Anti-M13 Bacteriophage, AlpSdAbs® VHH

Details and Advantages

                                                Applications:
                                                ELISA
                                            
                                                Reactivity:
                                                M13 Bacteriophage
                                            
                                                Conjugate:
                                                Unconjugated
                                            
                                                Advantages:
                                                ·High lot-to-lot consistency
·Increased sensitivity and higher affinity
·Animal-free production

Summary >

Description:
Anti-M13 Bacteriophage, AlpSdAbs® VHH is designed for detecting M13 bacteriophage specifically. Anti-M13 Bacteriophage, AlpSdAbs® VHH is based on monoclonal, recombinant, single domain antibody derived from the variable regions of heavy chain of Alpaca pacous. Based on ELISA, Anti-M13 Bacteriophage, AlpSdAbs® VHH reacts with the M13 bacteriophage selectively, no reactivity with other proteins.

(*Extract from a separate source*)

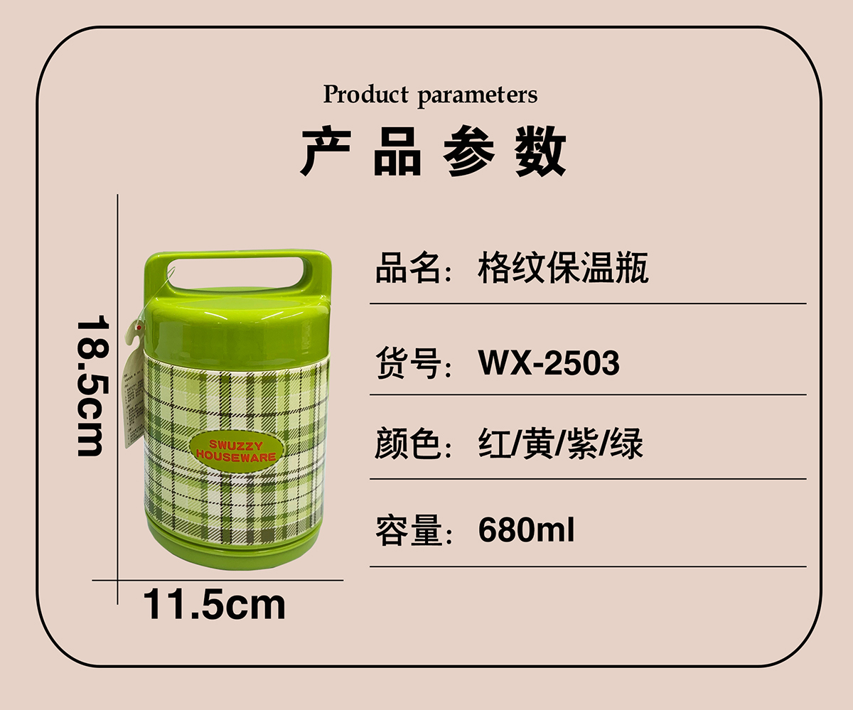 保溫瓶(全鋼內膽)格紋680ml

Immunogen: Full length M13 phage coat protein
Host: Alpaca pacous
Isotype: VHH domain of alpaca IgG2b/2c
Conjugate: Unconjugated(6*his tag and one cys were added at the C terminal of the VHH)
Specificity: M13 phage coat protein, exact epitope not determined
Cross-Reactivity: Highly selective for M13 phage
Purity: Recombinant Expression and Affinity purified
Concentration: 1mg/ml
Formation: Liquid, 10mM PBS (pH 7.5), 0.05% sucrose, 0.1% trehalose, 0.01% proclin300
Storage: Store at –20 °C, (Avoid freeze / thaw cycles)

Background:
M13 is a fi¬lamentous bacteriophage composed of circular single stranded DNA (ssDNA) which is 6470 nucleotides long encapsulated in approximately 2700 copies of the major coat protein P8, and capped with 5 copies of two different minor coat proteins (P9, P6, P3) on the ends. Infection with fi¬lamentous phages is not lethal, however the infection causes turbid plaques in E. coli. It is a non-lytic virus. However a decrease in the rate of cell growth is seen in the infected cells. M13 plasmids are used for many recombinant DNA processes, and the virus has also been studied for its uses in nanostructures and nanotechnology.
The display of repertoires of antibody fragments on the surface of filamentous phage offers a new way to produce immunoreagents with defined specificities. Phage derived antibody fragments offer a number of advantages over mouse monoclonal antibodies, such as better clearance from the blood, the possibility to select from human combinatorial libraries and the relative ease by which such fragments can be manipulated. The phage display technique thus facilitates the selection of antibody fragments of therapeutic value or research interest. Antibodies to M13 filamentous phage coat proteins are instrumental in the selection and detection of phages expressing specific antibody fragments or peptide sequences at their surface.
VHH are single-domain antibodies derived from the variable regions of heavy chain of Camelidae immunoglobulin. The size of VHH is extremely small(<15KDa) compared to other forms of antibody fragment, which significantly increase the permeability of VHH. Thus VHH is considered of great value for research, diagnostics and therapeutics.

Performance >

ELISA: 1:10,000-1:50,000

Dilution factors are presented in the form of a range because the optimal dilution is a function of many factors, such as antigen density, permeability, etc. The actual dilution used must be determined empirically.